Required work:
Repeat the listing below in full and exactly. Pictures are to be omitted.

Raw data:

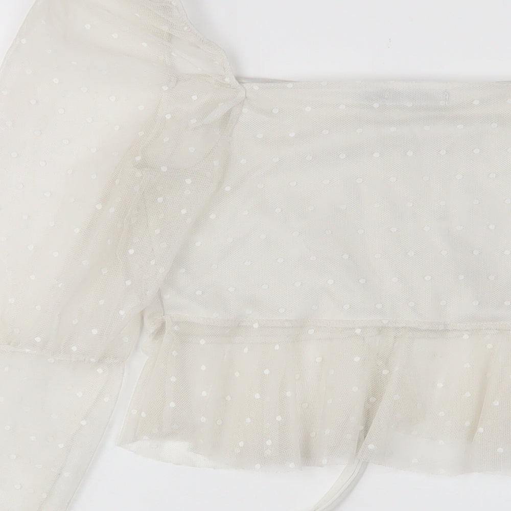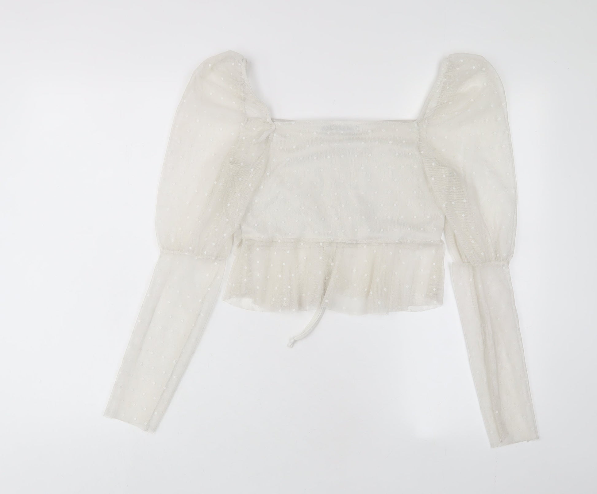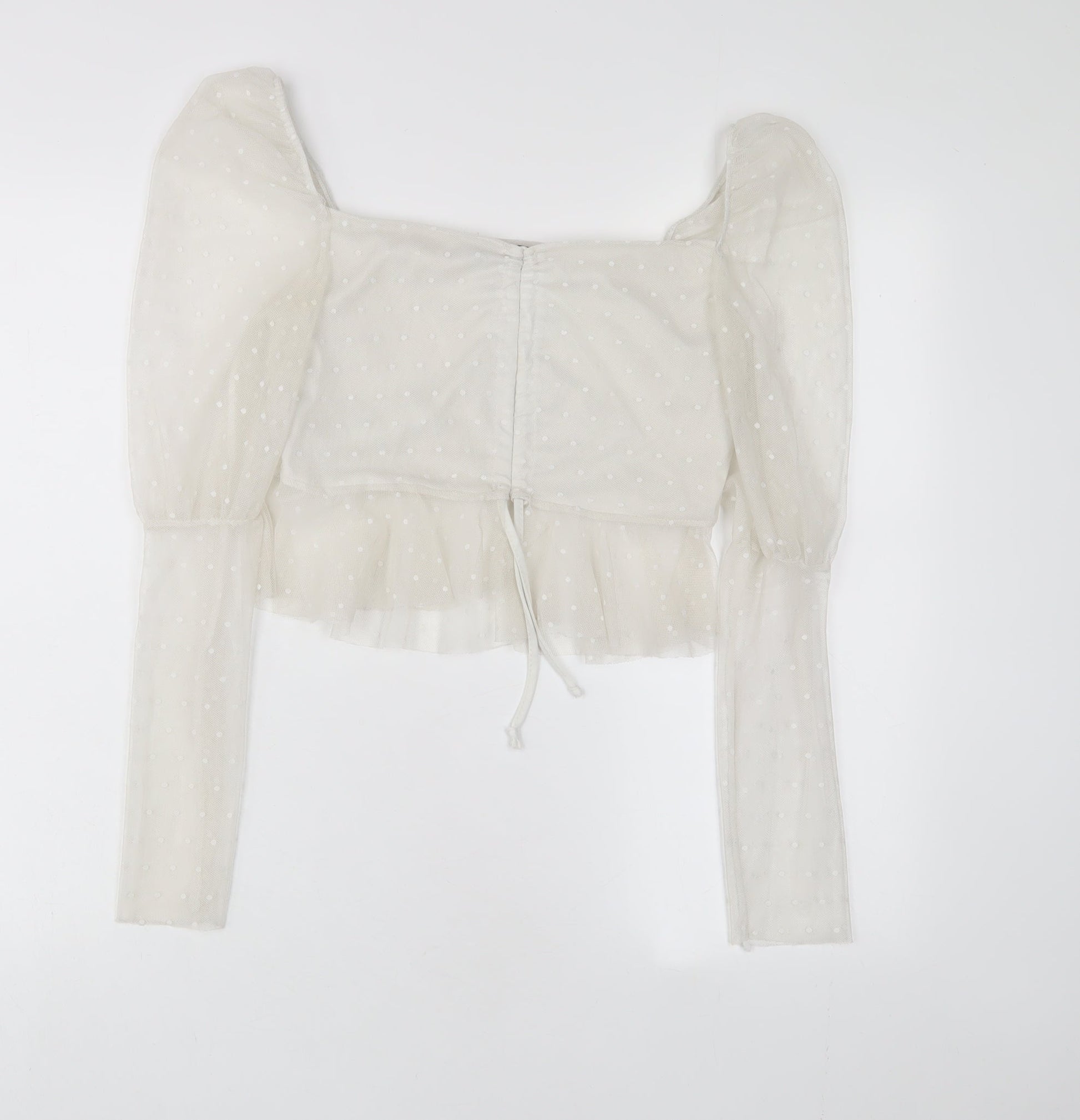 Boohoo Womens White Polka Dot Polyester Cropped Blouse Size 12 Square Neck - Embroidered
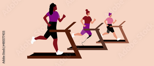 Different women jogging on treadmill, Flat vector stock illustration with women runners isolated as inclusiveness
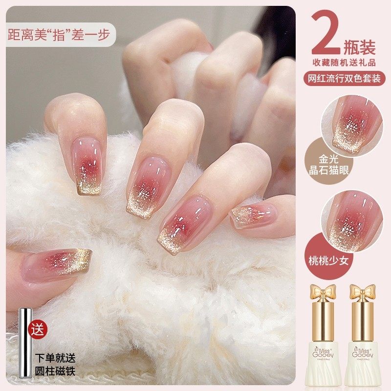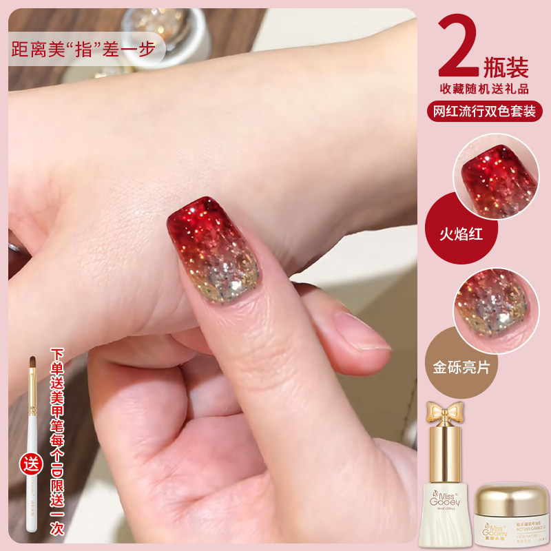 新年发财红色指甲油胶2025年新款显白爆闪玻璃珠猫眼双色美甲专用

Response area:
 Boohoo Womens White Polka Dot Polyester Cropped Blouse Size 12 Square Neck - Embroidered
 Different women jogging on treadmill, Flat vector stock illustration with women runners isolated as inclusiveness
 新年发财红色指甲油胶2025年新款显白爆闪玻璃珠猫眼双色美甲专用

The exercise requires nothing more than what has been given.